──────── RAW DATA

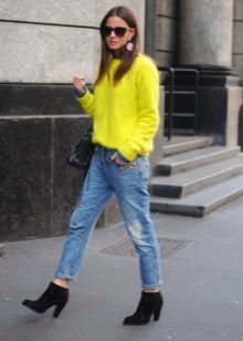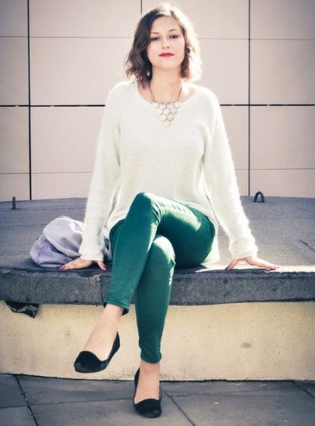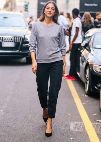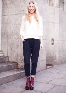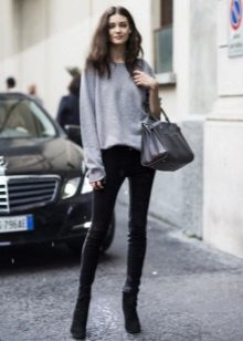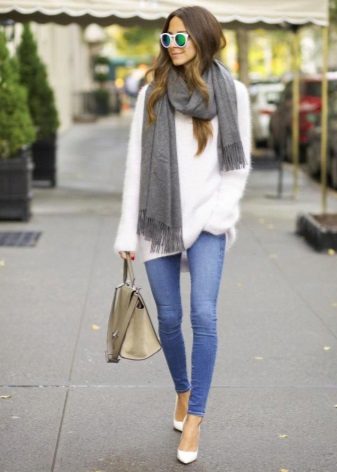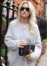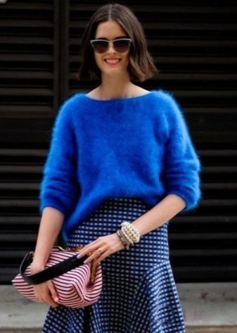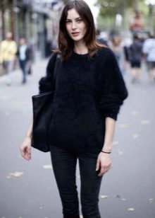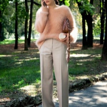 When choosing things in an ensemble with an Angora sweater, it is necessary to take into account the harmony of fabrics. For example, a fluffy top looks inorganic in a tandem with silk trousers or a lace skirt. Angora sweater looks great in combination with denim, cashmere or wool items.
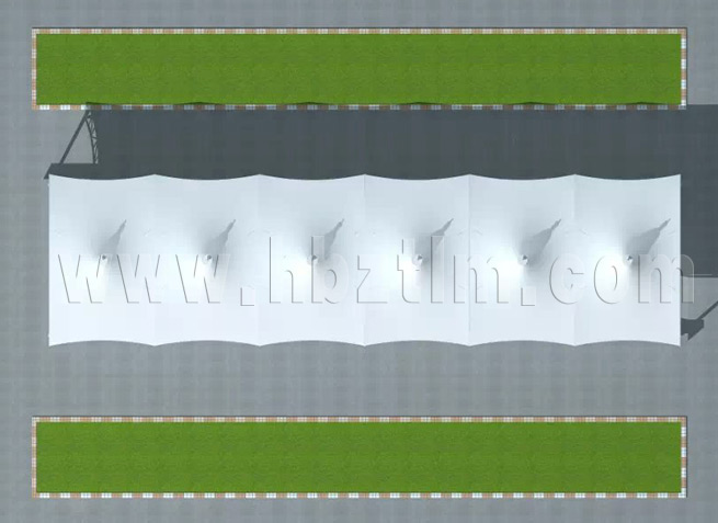 膜材采用PVDF國(guó)產(chǎn)或者進(jìn)口建筑膜材、PTFE玻璃纖維建筑膜材、ETFE透明的永久性建筑膜材;自動(dòng)放樣裁剪,高頻焊接,拉伸效果超強(qiáng),曲線成型可千變?nèi)f化;膜材質(zhì)保一般可達(dá)15-20年。
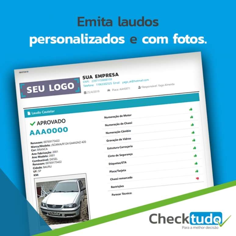 Com a crescente demanda de informações cada vez mais precisas e com o aumento do conhecimento das pessoas físicas perante as informações que devem ser validadas na compra de um veículo, a empresa Checktudo oferece ao seu cliente uma ferramenta para emissão de laudos veiculares totalmente personalizáveis.
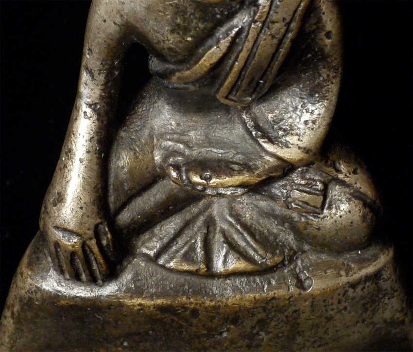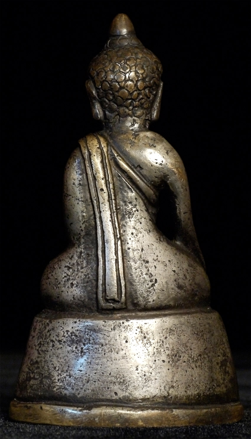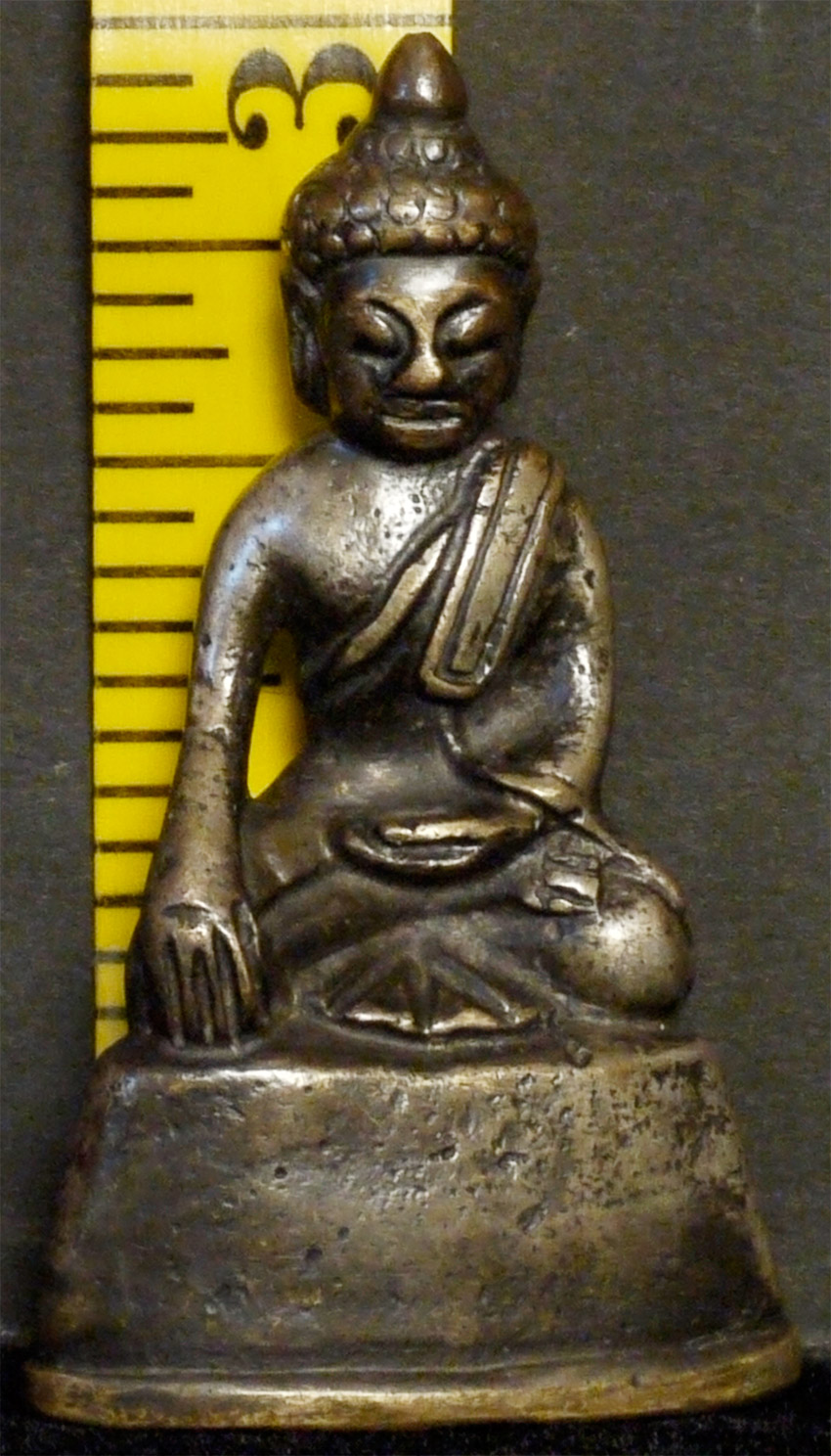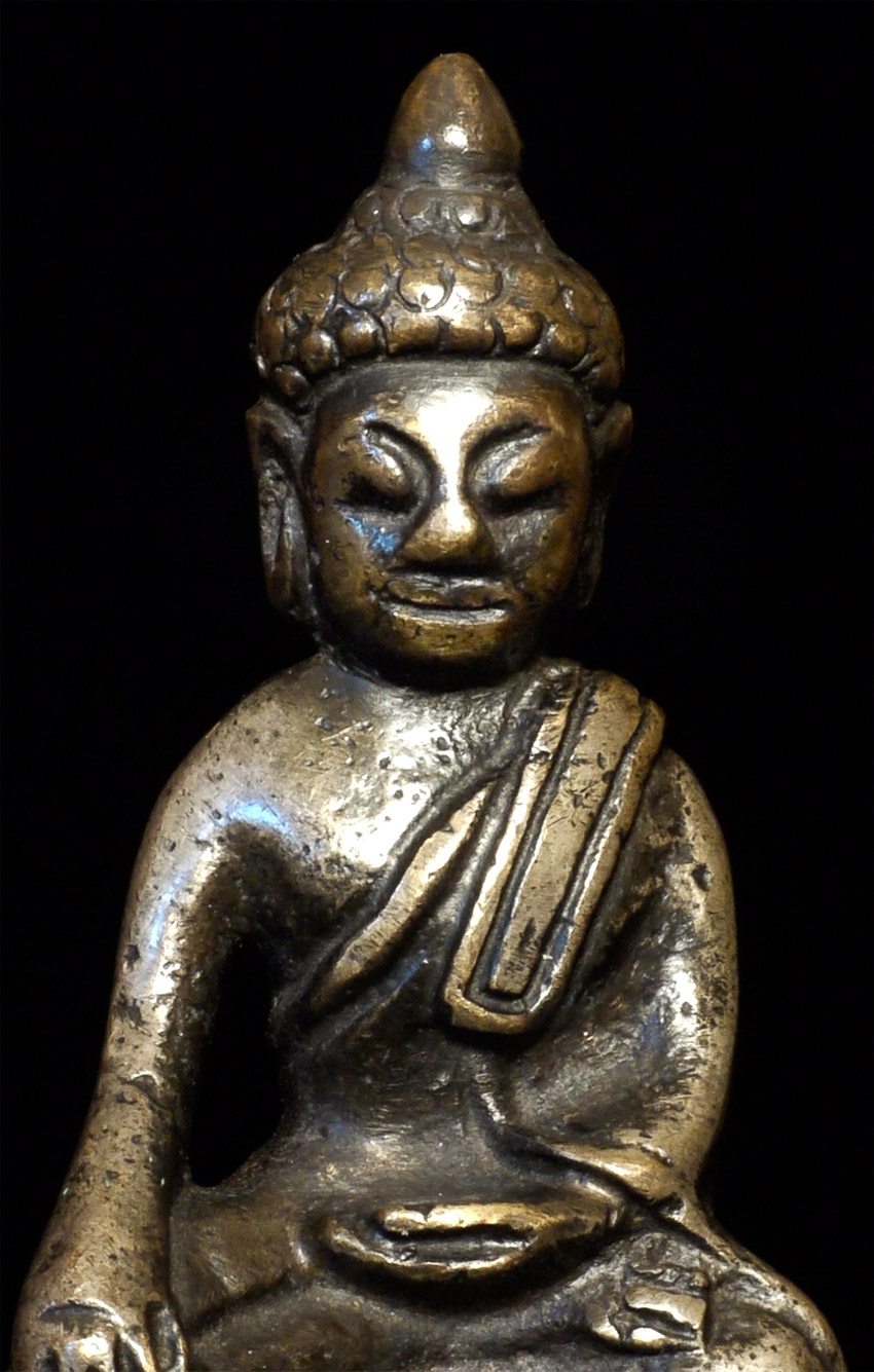 Vintage/antique Northern Laos/Southern China Buddha. This type has influences from both China and Southeast Asia, and comes from the area where Yunnan and Laos and Thailand all meet. Sits 3 inches tall.

────────────────

__EXERCISE REQUIREMENTS__
From the first line to the last, return the material above exactly, apart from the pictures.

__RESULT__
 When choosing things in an ensemble with an Angora sweater, it is necessary to take into account the harmony of fabrics. For example, a fluffy top looks inorganic in a tandem with silk trousers or a lace skirt. Angora sweater looks great in combination with denim, cashmere or wool items.
 膜材采用PVDF國(guó)產(chǎn)或者進(jìn)口建筑膜材、PTFE玻璃纖維建筑膜材、ETFE透明的永久性建筑膜材;自動(dòng)放樣裁剪,高頻焊接,拉伸效果超強(qiáng),曲線成型可千變?nèi)f化;膜材質(zhì)保一般可達(dá)15-20年。
 Com a crescente demanda de informações cada vez mais precisas e com o aumento do conhecimento das pessoas físicas perante as informações que devem ser validadas na compra de um veículo, a empresa Checktudo oferece ao seu cliente uma ferramenta para emissão de laudos veiculares totalmente personalizáveis.
 Vintage/antique Northern Laos/Southern China Buddha. This type has influences from both China and Southeast Asia, and comes from the area where Yunnan and Laos and Thailand all meet. Sits 3 inches tall.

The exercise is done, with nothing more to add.